**PROBLEM:** Reproduce the section of the listing that begins at the line containing "to Win Coin" and finishes at the line containing "MUTE Чай матча-латте". Include both end lines and nothing beyond them.

**SUPPLIED DATA:**
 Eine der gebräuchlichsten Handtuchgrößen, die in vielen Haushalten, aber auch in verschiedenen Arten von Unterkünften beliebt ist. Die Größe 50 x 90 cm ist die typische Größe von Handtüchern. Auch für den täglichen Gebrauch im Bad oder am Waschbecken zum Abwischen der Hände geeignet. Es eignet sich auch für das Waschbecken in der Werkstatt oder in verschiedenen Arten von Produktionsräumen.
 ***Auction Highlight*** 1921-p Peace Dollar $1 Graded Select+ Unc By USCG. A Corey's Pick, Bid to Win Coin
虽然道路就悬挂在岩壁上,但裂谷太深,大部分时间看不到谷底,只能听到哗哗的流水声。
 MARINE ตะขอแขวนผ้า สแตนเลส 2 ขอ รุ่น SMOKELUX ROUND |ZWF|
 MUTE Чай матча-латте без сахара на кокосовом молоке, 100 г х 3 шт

...

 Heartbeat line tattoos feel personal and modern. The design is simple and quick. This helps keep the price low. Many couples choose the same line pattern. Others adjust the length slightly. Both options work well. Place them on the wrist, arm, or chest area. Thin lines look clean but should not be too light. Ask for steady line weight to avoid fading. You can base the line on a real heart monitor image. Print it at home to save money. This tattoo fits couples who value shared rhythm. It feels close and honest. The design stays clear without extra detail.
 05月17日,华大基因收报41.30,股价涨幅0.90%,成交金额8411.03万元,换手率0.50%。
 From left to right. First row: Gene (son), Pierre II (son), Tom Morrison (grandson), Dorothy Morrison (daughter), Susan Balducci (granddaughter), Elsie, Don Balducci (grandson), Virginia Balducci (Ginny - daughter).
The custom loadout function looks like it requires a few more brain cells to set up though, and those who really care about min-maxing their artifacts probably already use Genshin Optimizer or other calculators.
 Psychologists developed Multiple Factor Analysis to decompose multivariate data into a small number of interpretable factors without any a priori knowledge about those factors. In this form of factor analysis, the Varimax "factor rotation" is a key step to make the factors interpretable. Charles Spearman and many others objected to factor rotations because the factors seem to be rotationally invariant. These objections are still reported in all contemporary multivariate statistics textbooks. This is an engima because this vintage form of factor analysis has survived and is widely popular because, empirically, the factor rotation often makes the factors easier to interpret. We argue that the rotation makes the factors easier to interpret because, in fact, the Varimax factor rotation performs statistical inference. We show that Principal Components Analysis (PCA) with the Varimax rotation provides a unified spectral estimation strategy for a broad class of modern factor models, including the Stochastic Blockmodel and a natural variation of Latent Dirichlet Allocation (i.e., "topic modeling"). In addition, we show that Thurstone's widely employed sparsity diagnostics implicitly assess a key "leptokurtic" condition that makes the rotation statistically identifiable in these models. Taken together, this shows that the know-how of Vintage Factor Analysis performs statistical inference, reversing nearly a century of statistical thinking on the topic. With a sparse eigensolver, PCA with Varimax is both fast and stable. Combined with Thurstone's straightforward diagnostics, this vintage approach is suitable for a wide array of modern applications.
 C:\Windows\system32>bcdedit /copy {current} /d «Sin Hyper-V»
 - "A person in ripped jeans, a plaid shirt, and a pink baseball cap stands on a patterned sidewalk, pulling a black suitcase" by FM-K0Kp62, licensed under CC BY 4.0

...

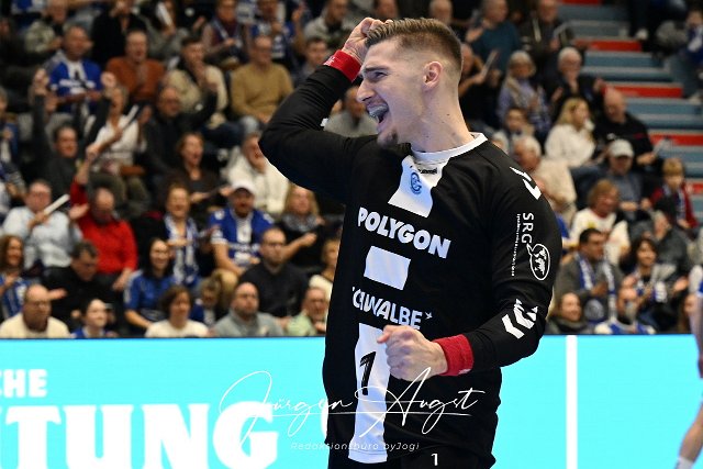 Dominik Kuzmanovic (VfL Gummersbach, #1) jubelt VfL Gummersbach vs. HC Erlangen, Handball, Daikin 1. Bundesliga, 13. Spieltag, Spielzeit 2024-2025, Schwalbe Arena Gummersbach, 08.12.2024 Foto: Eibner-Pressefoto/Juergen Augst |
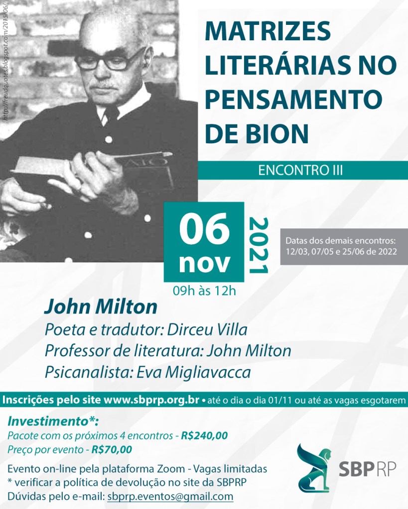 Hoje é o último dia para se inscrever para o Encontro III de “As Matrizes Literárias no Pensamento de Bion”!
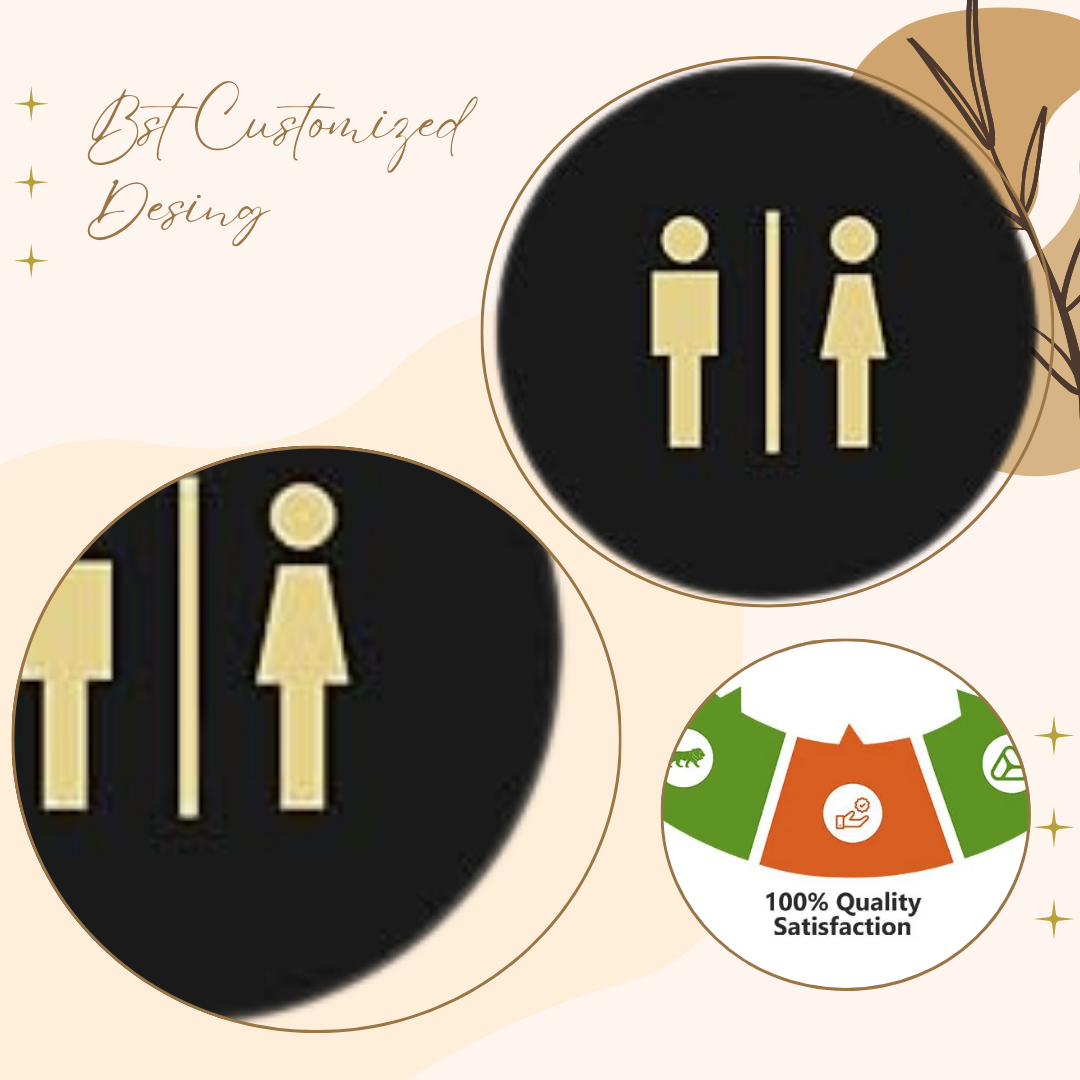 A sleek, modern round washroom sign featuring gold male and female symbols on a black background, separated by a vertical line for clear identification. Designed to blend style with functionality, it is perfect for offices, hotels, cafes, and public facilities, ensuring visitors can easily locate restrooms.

**RESULT:**
 ***Auction Highlight*** 1921-p Peace Dollar $1 Graded Select+ Unc By USCG. A Corey's Pick, Bid to Win Coin
虽然道路就悬挂在岩壁上,但裂谷太深,大部分时间看不到谷底,只能听到哗哗的流水声。
 MARINE ตะขอแขวนผ้า สแตนเลส 2 ขอ รุ่น SMOKELUX ROUND |ZWF|
 MUTE Чай матча-латте без сахара на кокосовом молоке, 100 г х 3 шт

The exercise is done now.